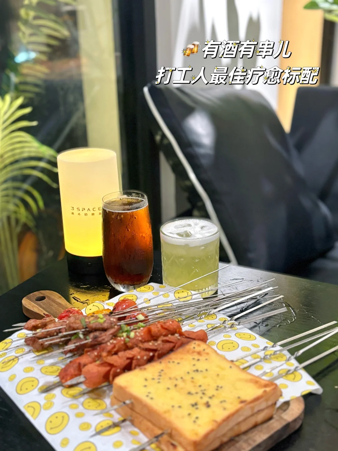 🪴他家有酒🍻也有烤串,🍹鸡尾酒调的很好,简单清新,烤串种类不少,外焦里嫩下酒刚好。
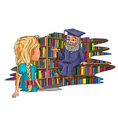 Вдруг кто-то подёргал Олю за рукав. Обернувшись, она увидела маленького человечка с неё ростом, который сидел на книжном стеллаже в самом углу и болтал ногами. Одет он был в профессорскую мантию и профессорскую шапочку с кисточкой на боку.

...

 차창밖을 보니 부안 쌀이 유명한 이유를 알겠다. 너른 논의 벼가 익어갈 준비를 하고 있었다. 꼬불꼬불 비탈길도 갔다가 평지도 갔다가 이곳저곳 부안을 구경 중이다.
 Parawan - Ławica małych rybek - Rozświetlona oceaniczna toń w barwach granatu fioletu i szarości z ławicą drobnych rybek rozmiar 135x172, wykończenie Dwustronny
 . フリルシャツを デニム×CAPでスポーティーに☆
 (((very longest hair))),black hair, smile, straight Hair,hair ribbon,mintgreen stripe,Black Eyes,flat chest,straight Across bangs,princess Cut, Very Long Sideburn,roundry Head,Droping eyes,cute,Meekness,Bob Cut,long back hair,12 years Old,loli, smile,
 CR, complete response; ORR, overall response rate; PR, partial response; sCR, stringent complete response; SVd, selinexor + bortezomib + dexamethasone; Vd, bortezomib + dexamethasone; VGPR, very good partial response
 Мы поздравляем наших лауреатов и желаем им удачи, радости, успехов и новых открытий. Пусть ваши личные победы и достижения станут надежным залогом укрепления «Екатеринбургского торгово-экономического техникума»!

Work instruction: Of all the entries above, repeat only the lines from the line that has "CR, complete response;" to the line that has "Мы поздравляем наших", both lines included, exactly.

Solution below:
 CR, complete response; ORR, overall response rate; PR, partial response; sCR, stringent complete response; SVd, selinexor + bortezomib + dexamethasone; Vd, bortezomib + dexamethasone; VGPR, very good partial response
 Мы поздравляем наших лауреатов и желаем им удачи, радости, успехов и новых открытий. Пусть ваши личные победы и достижения станут надежным залогом укрепления «Екатеринбургского торгово-экономического техникума»!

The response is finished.